Se non leggi correttamente questo messaggio, clicca qui     9 Luglio 2021 - 29 Tamuz 5781
LA PERICOLOSA INIZIATIVA DI FRATELLI D'ITALIA 

La Shoah, le foibe e quella legge
che calpesta la Storia

“Esistono ancora piccole sacche di deprecabile negazionismo militante. Ma oggi il vero avversario da battere, più forte e più insidioso, è quello dell’indifferenza, del disinteresse, della noncuranza, che si nutrono spesso della mancata conoscenza della storia e dei suoi eventi”.
Parole chiare quelle pronunciate, ne corso dell’ultimo Giorno del Ricordo, dal Capo dello Stato Sergio Mattarella. Un invito agli italiani: far proprie, in modo sempre più consapevole, storia e memoria delle foibe.

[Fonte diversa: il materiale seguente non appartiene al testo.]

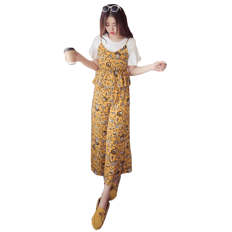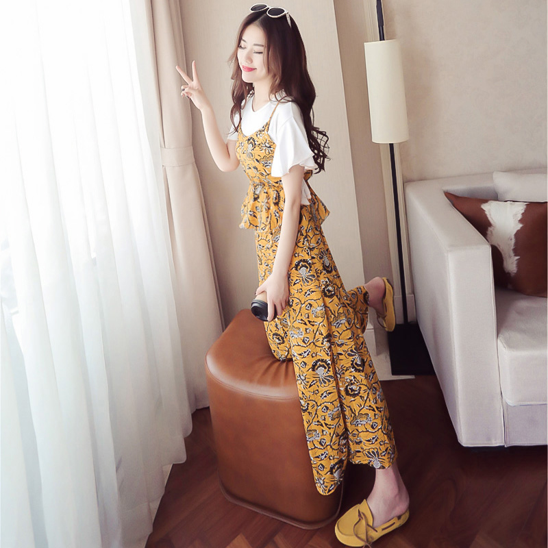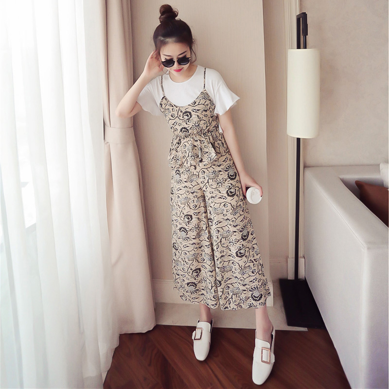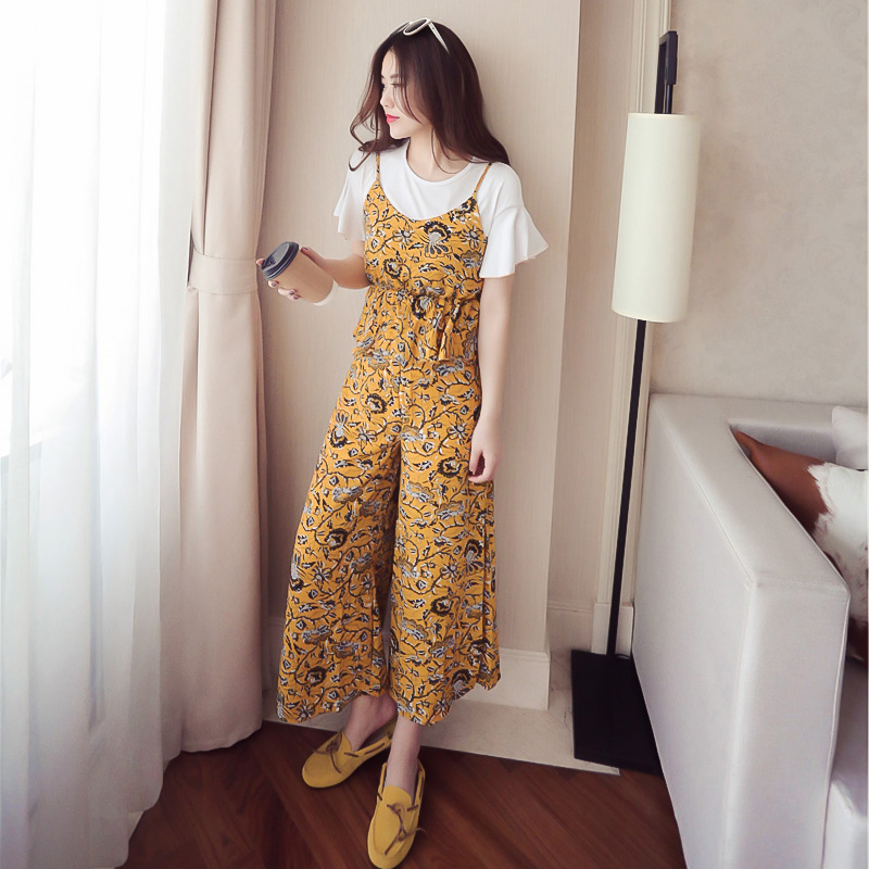 / 女裝春夏新款韓版小香風吊帶雪紡上衣三件套裝女闊腿褲學生兩件套

Una “sciagura nazionale” e un monito “contro le ideologie e i regimi totalitari che, in nome della superiorità dello Stato, del partito o di un presunto e malinteso ideale, opprimono i cittadini, schiacciano le minoranze e negano i diritti fondamentali della persona”.
Una ferita ancora aperta, da conoscere in profondità ma cavalcata da alcuni in modo strumentale. È il caso di Fratelli d’Italia, che ha depositato in Senato un disegno di legge che punta ad intervenire sull’articolo 604 bis del codice penale accostando il negazionismo delle foibe a quello della Shoah. Un tentativo che ha suscitato allarme e pronte reazioni anche all’interno delle istituzioni ebraiche nazionali.
“Alla luce dell’attuale situazione parlamentare, è molto difficile che questo atto possa tradursi in un fatto concreto. Dal 2023, con le elezioni, il discorso potrebbe mutare” avverte lo storico Claudio Vercelli, grande esperto sia di Shoah che del tema foibe (cui ha dedicato uno dei suoi ultimi lavori: Frontiere contese a Nordest. L’Alto Adriatico, le foibe e l’esodo giuliano-dalmata, pubblicato da Capricorno editore). 
La guerriglia ideologica nel frattempo si è scatenata “con varie raccomandazioni, prese di posizione e atti dal valore normativo intrapresi localmente da Consigli regionali governati da maggioranze orientate a destra, talvolta rivolti anche contro la libertà di ricerca”. 
Il terreno è scivoloso. Anzi, scivolosissimo. “Gli storici – spiega Vercelli – hanno appurato ormai in modo chiaro quale sia la dimensione, anche quantitativa, di quel che accadde in quell’area tra ’43 e ’45 e in seguito con l’esodo. Le dinamiche e i numeri sono sufficientemente eloquenti: il concetto che lì sia avvenuto un genocidio, come alcuni sostengono, è del tutto fuorviante”. 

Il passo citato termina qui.